Where to find: Company → Reports → People → Overtime Export for Payroll
Common criteria
| Setting | What it does | Tips |
|---|---|---|
| Date range | Defines which approved timesheets to include in the export. | Align with your payroll period cutoffs. |
| People / Divisions / Employment Types | Limit the export to specific groups or individuals. | Useful for test runs or phased rollouts. |
| Label exports | Applies a tag to timesheets included in this export. | Use labels (e.g., “PR-2025-10-15”) to prevent re-export. |
| Exclude/Include by label | Controls whether previously labeled timesheets are exported again. | Exclude prior exports to avoid double-paying OT. |
Export output (typical fields)
| Field | Example / Description |
|---|---|
| Person | Employee name or identifier |
| Pay Code | OT1 (1.5×), OT2 (2×), etc. — one Pay Code per multiplier |
| OT Hours | Hours grouped by Pay Code for the period |
| Timesheet Period / Approval | Dates and approver metadata (for reconciliation) |
Tip: If OT rules or Start of Week changed, reopen and re-approve impacted timesheets before exporting so OT totals reflect the latest configuration.
Edge cases & tips
- Biweekly ≠ biweekly OT: A Biweekly model groups submission periods into two-week spans, but OT is still evaluated per week using Start of Week.
- Cross-week shifts: Hours that cross midnight count on the day they’re recorded; daily thresholds apply per calendar day.
- Multiple projects/tasks: OT is determined on totals, not per project. Pay Codes reflect multipliers, not project/task.
- Changing rules mid-period: Updates affect future calculations. Reopen/re-approve to reapply if you need the new rules on an existing period.
Troubleshooting
- OT didn’t appear: Verify the timesheet is Approved/Locked, that the employee’s Employment Type has an active OT rule, and that Pay Codes are mapped for each multiplier.
- Too much/too little OT: Confirm Start of Week, check daily vs. weekly thresholds, and review whether any Time Off inflated totals.

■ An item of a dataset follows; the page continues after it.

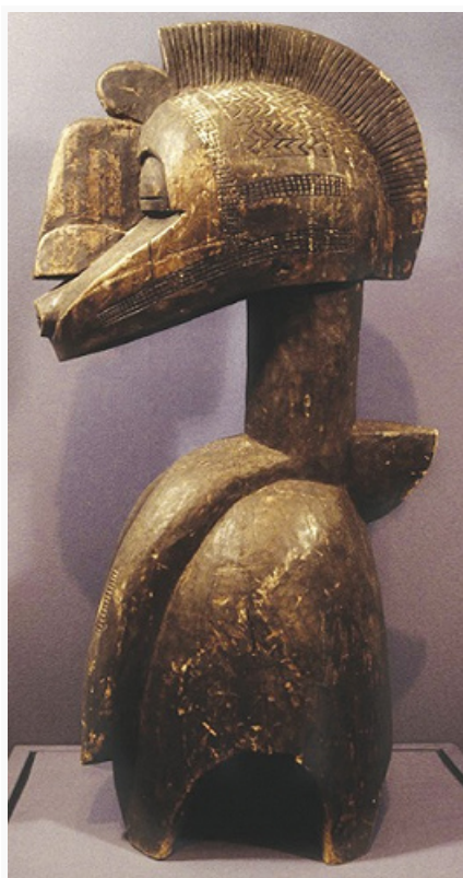
Деревянная фигурка народа бага. Музей народного искусства Цюрихского университета.

Осн. типы традиц. жилища – круглые в плане хижины с плетнёвыми, обмазанными глиной стенами и конусообразной соломенной кровлей. В городах с приходом европейцев появились прямоугольные в плане дома с террасами. После 2-й мировой войны строятся здания совр. типов, с применением новых конструкций и материалов; характерны жалюзи, сквозные решётки, покатые крыши. В сер. 20 в. в Г. работали франц. архитекторы (Г. Ланьо, А. Шомет и др.). В 1960–80-х гг. в столице Г. – Конакри при участии архитекторов из социалистич. стран сооружены обществ. и пром. здания (Политехнич. ин-т, стадион, радиоцентр, науч. центр – по проектам сов. архитекторов; типография – по проекту архитекторов ГДР). Характерные памятники иск-ва Г. – каменные статуэтки людей и животных, выполненные в обобщённой условной манере, украшенная резьбой старинная дерев. утварь, геометризованные человеческие фигурки с головами фантастич. существ, ритуальные маски из дерева и кости. Распространены плетение из соломы (сумки, веера, циновки с несложным орнаментом 2–3 цветов), набивка тканей тёмно-синим, оранжевым и красным геометрич. узором. С 1960-х гг. появились проф. художники (М. К. Фалло, М. Б. Косса, М. Конде, К. Нануман и др.). Худож. мастерская в Конакри изготавливает лубочные картинки (листы плотной чёрной бумаги с нанесёнными разноцветной гуашью схематичными экспрессивными изображениями нар. танцев и др. сюжетов).

- Wrong Pay Code: Ensure a one-to-one mapping between multiplier and Pay Code in OT Configuration.
Notes & limitations
- Only worked hours are eligible for OT; Time Off is excluded.

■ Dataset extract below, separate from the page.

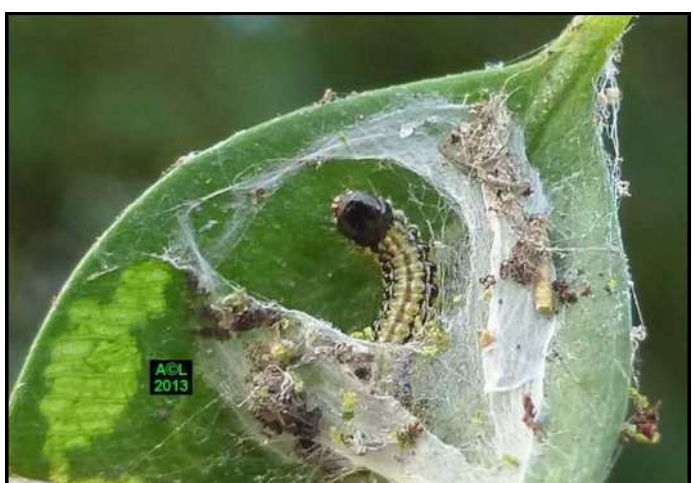
Chenille de pyrale du buis dans son logis hivernal

- Start of Week defines weekly windows. Changing it adjusts future weekly boundaries; previously approved OT will not change unless you reopen and re-approve.
- Changing the Timesheet Model can remove existing timesheets, approvals, and overtime history. Plan changes carefully.
Summary
In Weekly/Biweekly models, OT is based on weekly windows tied to your Start of Week and the employee’s Employment Type rule. OT is calculated at approval/lock, excludes Time Off, and uses one Pay Code per multiplier. When in doubt, reopen and re-approve to reapply calculations.